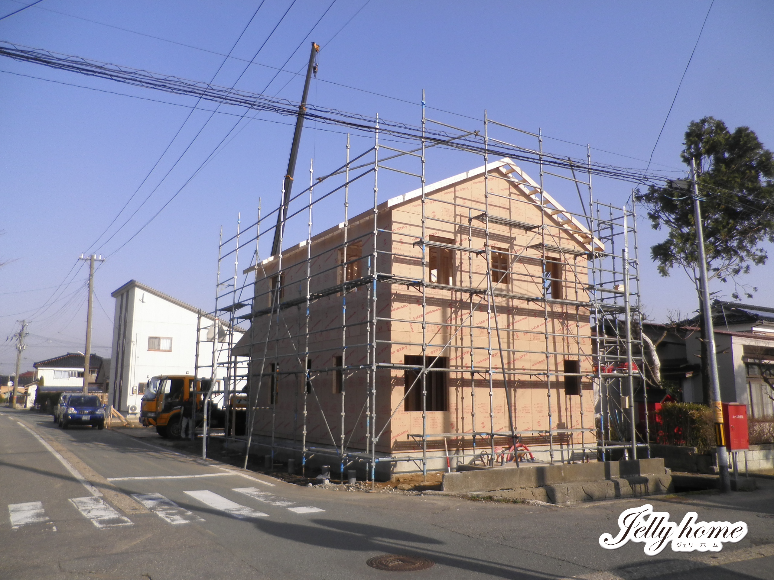 今日は2階壁を取り付けて、屋根の垂木まで上がった。
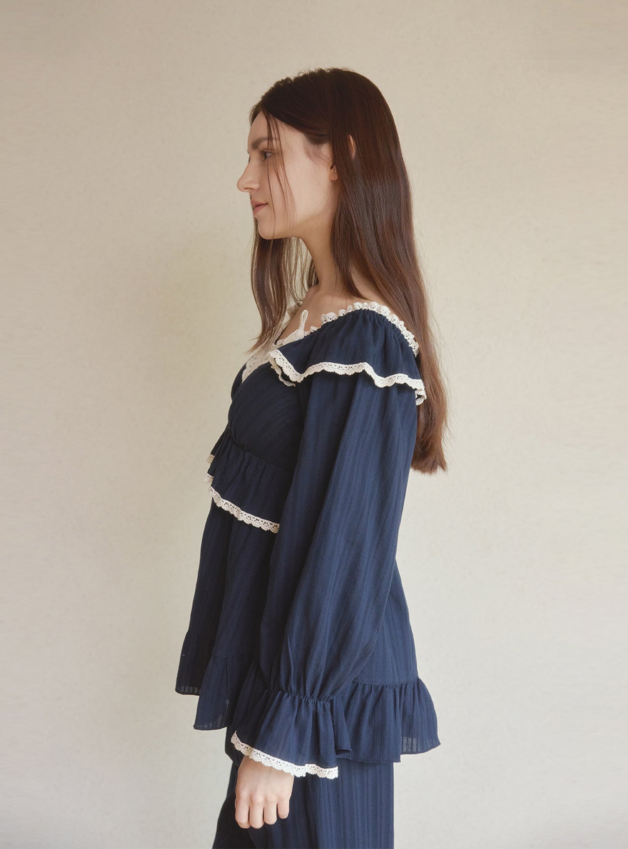 A refined and elegant pajama set featuring a beautiful neckline and a gracefully shaped bust line.
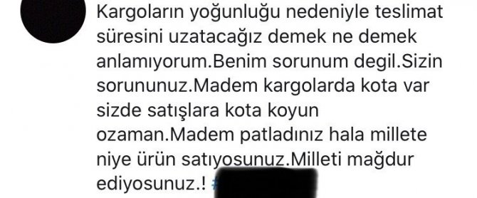 Geride bıraktığımız 10 Mayıs Anneler Günü için sipariş edilen hediyelerde de tam bir hüsran yaşanıyor. Kargo şirketlerinde yoğunluğun da etkilediği duruma isyan eden vatandaşlar, sosyal medyada halen annelerine aldıkları hediyelerin ulaşmamasından dolayı serzenişte bulunuyor. Kullanıcıların alışveriş yaptıkları e-ticaret platformunu sert bir dille eleştirdikleri görülüyor. Ticaret Bakanlığı’nın e ticaret uygulamalarını daha yakından mercek altına almasını isteyen vatandaşlar, mevcut olmayan malın satışına müsaade edilmemesi gerektiğine işaret ediyorlar. Bu arada kargo firmalarının da kapasite artışına gitmeyerek, yüzde 40 artan iş yükünü aynı ekip ile sürdürme konusunda ısrarcı olması hizmet kalitesini düşürüyor.
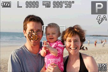 The camera will shoot about two seconds after detecting that the face of another person (such as the photographer) has entered the shooting area. This is useful when including yourself in group photos or similar shots.
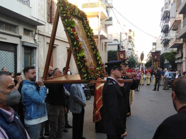 Με το πέρας της λειτουργίας επακολούθησε εκλιτάνευση της ιεράς εικόνας του μάρτυρος Γεωργίου, περιμετρικά των οδών του ναού.
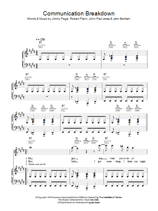 Download or print Led Zeppelin Communication Breakdown sheet music, chords and digital score arranged for Guitar Tab. This Metal score includes 5 page(s).
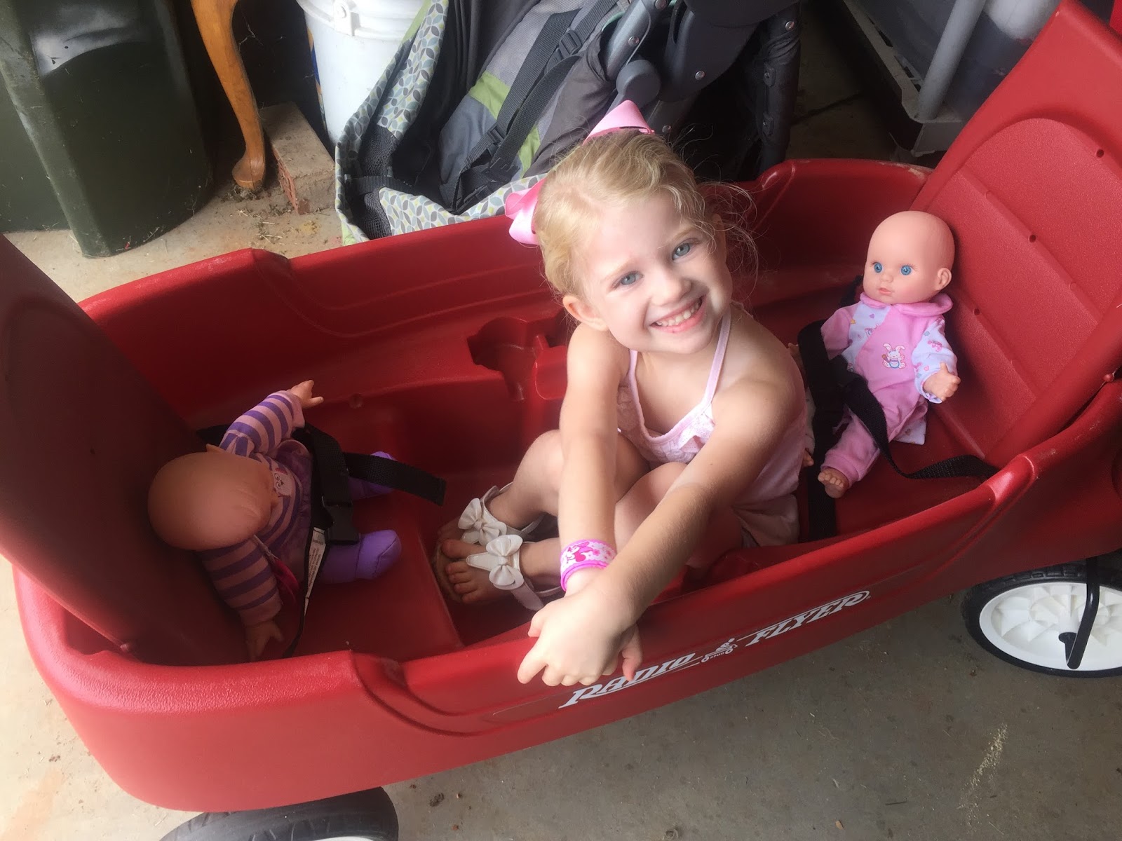 While I was putting Audrey in the car, Raley buckled her babies into the wagon and said “Mommy, take a picture of me and my babies!” I love this sweet, innocent stage she’s in. Although, just recently I feel like she’s becoming more of a “big girl” in the way that she smiles and talks. It makes me a little sad, but also very proud of her.

### Work instructions
Write out exactly the lines from the one that contains "Με το πέρας" through the last line of the data above, both included. Leave every picture out.

### Exercise solution
 Με το πέρας της λειτουργίας επακολούθησε εκλιτάνευση της ιεράς εικόνας του μάρτυρος Γεωργίου, περιμετρικά των οδών του ναού.
 Download or print Led Zeppelin Communication Breakdown sheet music, chords and digital score arranged for Guitar Tab. This Metal score includes 5 page(s).
 While I was putting Audrey in the car, Raley buckled her babies into the wagon and said “Mommy, take a picture of me and my babies!” I love this sweet, innocent stage she’s in. Although, just recently I feel like she’s becoming more of a “big girl” in the way that she smiles and talks. It makes me a little sad, but also very proud of her.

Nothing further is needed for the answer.